明らかにこの件に関して、身分が低いのは澄真さま……。公的に裁かれれば、助かる見込みはない。
私はグッと歯をくいしばる。
「わ、私は澄真さまの所へ、行ってきます……!」
「あ! こら、待て! 蒼人!!」
飛び出して行こうとした私を、時定がグイッと引っ張る。
「ぐえ……っ! ちょ、時定……苦しいだろっ!」
ちょうど首の所を引っ張られ、死ぬかと思う。今はそんなことやってる場合じゃない。
ガッ! と衣を引き、非難の声をあげた。
目が涙で潤む。
「まぁ、待て。相手はあの澄真さまなのだろ? 一筋縄でいくわけがない。弘徽殿の者か誰かの策略かは知らないが、何を狙っているのか見極めたほうがいいぞ。お前まで標的にされれば、澄真さまは困るんじゃないのか? それに、そう簡単にそちらのご当主さまとやらは、やられる玉なんですかね……?」
ニヤリと笑う。
くそっ! そんなんで、ヤられる訳ないだろ!?
ギリっと時定を睨む。
すると時定は、私の言いたいことを察したのだろう。嬉しそうに目を細めると、口を開く。

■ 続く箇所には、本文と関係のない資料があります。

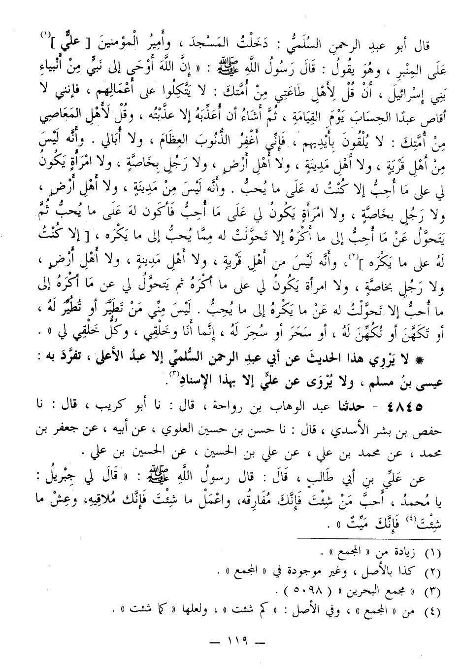 4845 - حَدَّثَنَا عَبْدُ الْوَهَّابِ بْنُ رَوَاحَةَ قَالَ: نَا أَبُو كُرَيْبٍ قَالَ: نَا حَفْصُ بْنُ بِشْرٍ الْأَسَدِيُّ قَالَ: نَا حُسْنُ بْنُ حُسَيْنٍ الْعَلَوِيُّ، عَنْ أَبِيهِ، عَنْ جَعْفَرِ بْنِ مُحَمَّدٍ، عَنْ مُحَمَّدِ بْنِ عَلِيٍّ، عَنْ عَلِيِّ بْنِ الْحُسَيْنِ، عَنِ الْحُسَيْنِ بْنِ عَلِيٍّ، عَنْ عَلِيِّ بْنِ أَبِي طَالِبٍ قَالَ: قَالَ رَسُولُ اللَّهِ صَلَّى اللهُ عَلَيْهِ وَسَلَّمَ: قَالَ لِي جِبْرِيلُ: يَا مُحَمَّدُ، أَحِبَّ مَنْ شِئْتَ فَإِنَّكَ مَفَارِقُهُ، وَاعْمَلْ مَا شِئْتَ فَإِنَّكَ مُلَاقِيهِ، وَعِشْ مَا شِئْتَ فَإِنَّكَ مَيِّتٌ «. -[120]- وَقَالَ رَسُولُ اللَّهِ صَلَّى اللهُ عَلَيْهِ وَسَلَّمَ:» §أَوْجَزَ لِي جِبْرِيلُ عَلَيْهِ السَّلَامُ فِي الْخُطْبَةِ "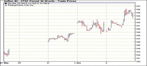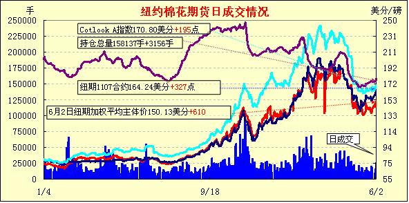 6月2日紐約期棉連續(xù)第四個(gè)交易日走強(qiáng),交投活躍,近期7月合約收于4月25日以來(lái)最高點(diǎn)。當(dāng)日市場(chǎng)早盤窄幅震蕩,后外圍谷物及原油期貨等上揚(yáng)加之期棉基本面利好,買盤活躍,刺激棉市走高,近期7月合約最高至166.23美分/磅。盤中多數(shù)合約收漲,前5個(gè)合約中除10月合約以外均收漲百點(diǎn)以上,7月合約漲327點(diǎn)至164.24美分/磅;12月合約收于139.23美分/磅,漲196點(diǎn)。當(dāng)日轉(zhuǎn)倉(cāng)交易活躍,有大量指數(shù)基金持倉(cāng)從近期7月合約轉(zhuǎn)移至12月合約。

「じゃ、大丈夫だろ? 今日の雨を予知した澄真さまが鎮魂の舞を踊りさえすれば、悪霊も退散するだろうからさ。一応舞わせてみれば。」
クククと喉で笑った。
「……っ!」
結局、そこに戻るのか!
私はふるふると身をふるわせる。
だから、それが嫌なんだろ!?
そりゃ、悪霊の仕業なら退散もするだろうよ!
でもその分、変な虫が近づくかも知れないだろ?
いや、それよりも、向こう側の策略がサッパリ分からない今、澄真さまを一人にする訳にはいかない。
何としてでも、護り抜かなければならない。
「……ふふ」
時定は小さく笑うと、私の頭をポンポンと叩く。
「ま、何にせよ相手の企みを暴かなくちゃな。まずはそこからだ」
言われてハッとする。
コイツは考えているのか、考えていないのか、よく分からない時がある。
けれど、時定の言うことは最もで、私は小さく頷いた。
「……そんな事、分かってるよ」
まずは敵の腹を探らなければ……。
(さて、これからどうしてくれよう……)
私はそう心に決めて、空を見上げる。
先程から降り始めた雨は、勢いを弱めはしたが、まだまだ止みそうになかった。